Tiam1 and Rac1, but not Cdc42 or Rap1, control the activity of the polarity complex and TJ formation. (A) Cadherin signaling transiently activates Rac in a Tiam1-dependent manner. Rac and Cdc42 activity assays from WT and Tiam1KO keratinocytes after a Ca²⁺ switch for the indicated times. The graph represents the level of activated Rac (corrected for total Rac) relative to its activity in Tiam1KO cells cultured in low Ca²⁺. (B) WT keratinocytes were transiently transfected with myc-N17Cdc42, -N17Rac1, or HA-Rap1GAP. Tiam1KO keratinocytes were transfected with myc-L28Cdc42. 48 h after transfection, cells were switched to normal Ca²⁺ for 6 h, fixed, and double stained for myc or HA and ZO-1. Arrow indicates linearization of the TJ. (C) Tiam1, Rac, and Cdc42 can regulate PKCζ activity.
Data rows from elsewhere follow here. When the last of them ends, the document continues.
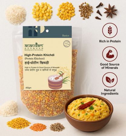 Usage: Soak Anandam’s High-Protein Khichdi for half an hour in five times water, then boil it in the same water along with a few drops of oil/ghee and add some rock salt, black pepper, dry ginger powder, dried pomegranate powder, coriander powder, red chilli powder (optional), and boil with a lid until it’s cooked properly.
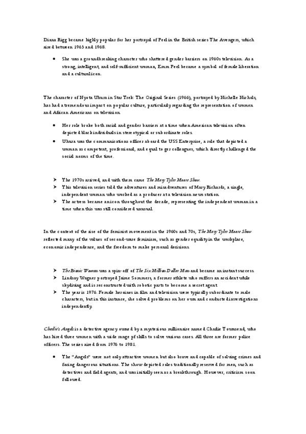 ✔ De los años 50 a hoy Estereotipos iniciales: ama de casa, femme fatale. Personajes que rompieron moldes: Emma Peel (The Avengers), Nyota Uhura (Star Trek), Mary Richards (The Mary Tyler Moore Show). Heroínas icónicas: Ellen Ripley (Alien), Sarah Conno
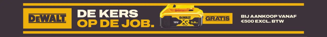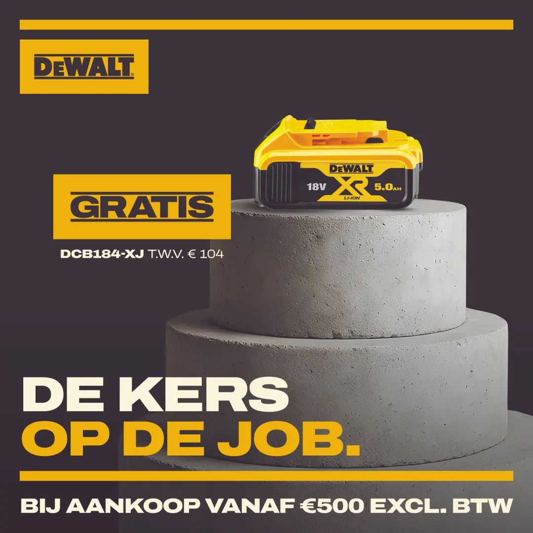 Geef je projecten een boost met DeWALT. Van 4/2/2026 tot en met 31/3/2026 krijg je bij bestellingen vanaf € 500 (excl. btw) een gratis 18V-accu cadeau. Wat je daarvoor moet doen? Niks, wij voegen je batterij automatisch toe aan je bestelling. Jij pakt ze uit samen met je andere DeWALT-producten.
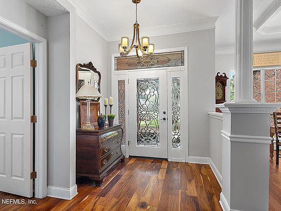 Beach living, A+ schools, and a preserve lot on over a 1/2 of acre in the desirable neighborhood of Old Palm Valley, all add to the appeal of this brick cul-de-sac home. Hardwood throughout the first floor, updated kitchen with stainless steel appliances, gas fireplace and a gorgeous enclosed temperature controlled Florida room are just a few of the plusses of this 2900+ sq ft, 4 bedroom, 3 bath home. Bonus room upstairs is the fourth bedroom with full bath. New hot water heater and electric panel in 2023. Large conservation lot includes wood decking, hot tub and tons of privacy. Close proximity to schools, YMCA, shopping and the beach.
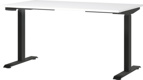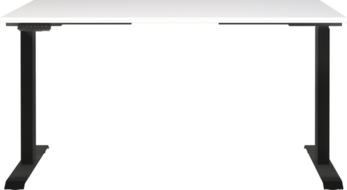 Platte aus Spanplatte mit pflegeleichter Melaminharzbeschichtung in Dekor weiß. Plattenform eckig. Kante Alle Kanten sind durch schlagfeste ABS-Umleimer vor unschönen Rissen und Ausbrechen geschützt. C-Fußgestell aus Metall mit schlag- und kratzfester Pulverbeschichtung in schwarz. Höhenverstellung durch 2 Elektromotoren unterstützen Sie bei einer komfortablen Höhenverstellung auf Knopfdruck. Der automatische Kollisionsschutz stoppt sofort bei Widerstand von oben oder unten und sorgt somit für absolute Sicherheit. Gestell mit Kunststoffgleiter.
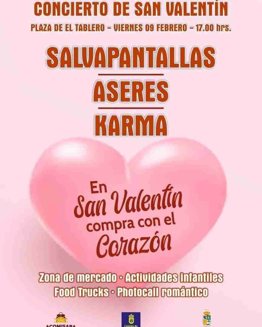 From 17:00 a market area, activities for children, food trucks, and a romantic photocall. Music performances by Salvapantallas, Aseres, and Karma.
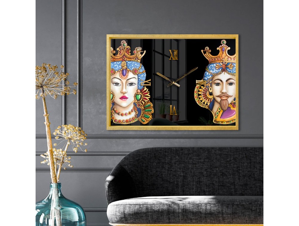 Rechteckige Wanduhr mit Goldrahmen und markantem Design, das zwei sizilianische Keramikköpfe (Mohrenköpfe) darstellt. Handverziert mit Blattgold. Die Oberfläche aus glänzendem Harz verleiht dem Stück leuchtende Farben und einen einzigartigen Glanz.
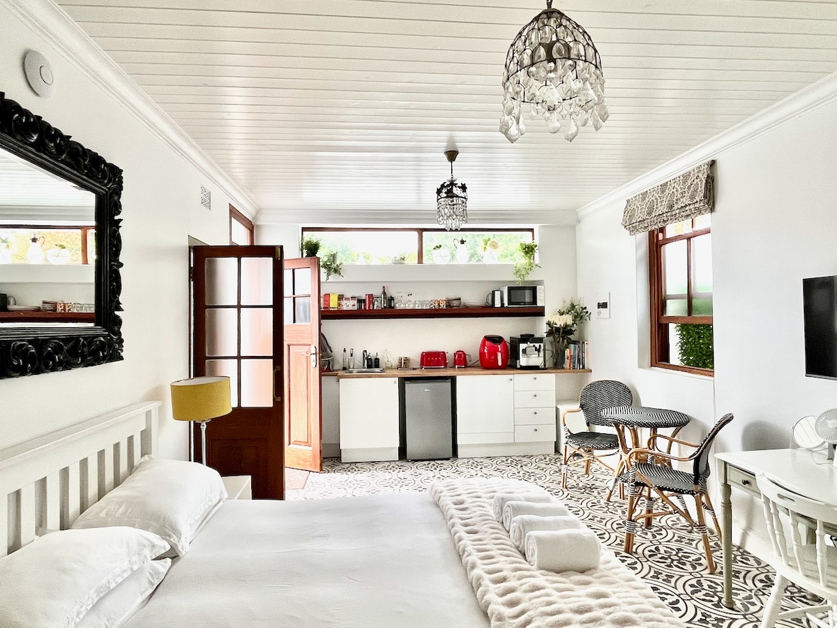 Beautiful Studio Room in Newlands. It is white, sparkling clean & uncomplicated. Entire studio is dedicated to Airbnb guests, so no personal clutter. Queen sized bed, Work table and Kitchenette with Coffee machine + Teas, Bar fridge, Microwave, Airfryer + Induction plate. Smart TV, login to own account. Bathroom with Shower. Street parking next to your entrance door, so you have the freedom to go in and out as you please. Wifi always on. Near UCT & SACS. No outside area, so please no smoking.

Endogenous PKCζ was immunoprecipitated from WT, Tiam1KO, and Tiam1KO cells expressing FL-Tiam1, V12Rac1, or L28Cdc42. PKCζ kinase activity was assayed in vitro by using MBP as a substrate. Thr410 phosphorylation in the activation loop of PKCζ was analyzed as an alternative way to measure its activity. α-Tubulin was used as a loading control. Representative example of four experiments. (D) Cdc42 and Rac activity assay in Tiam1KO cells stably expressing myc-tagged L28, V12, or N17Cdc42 mutants.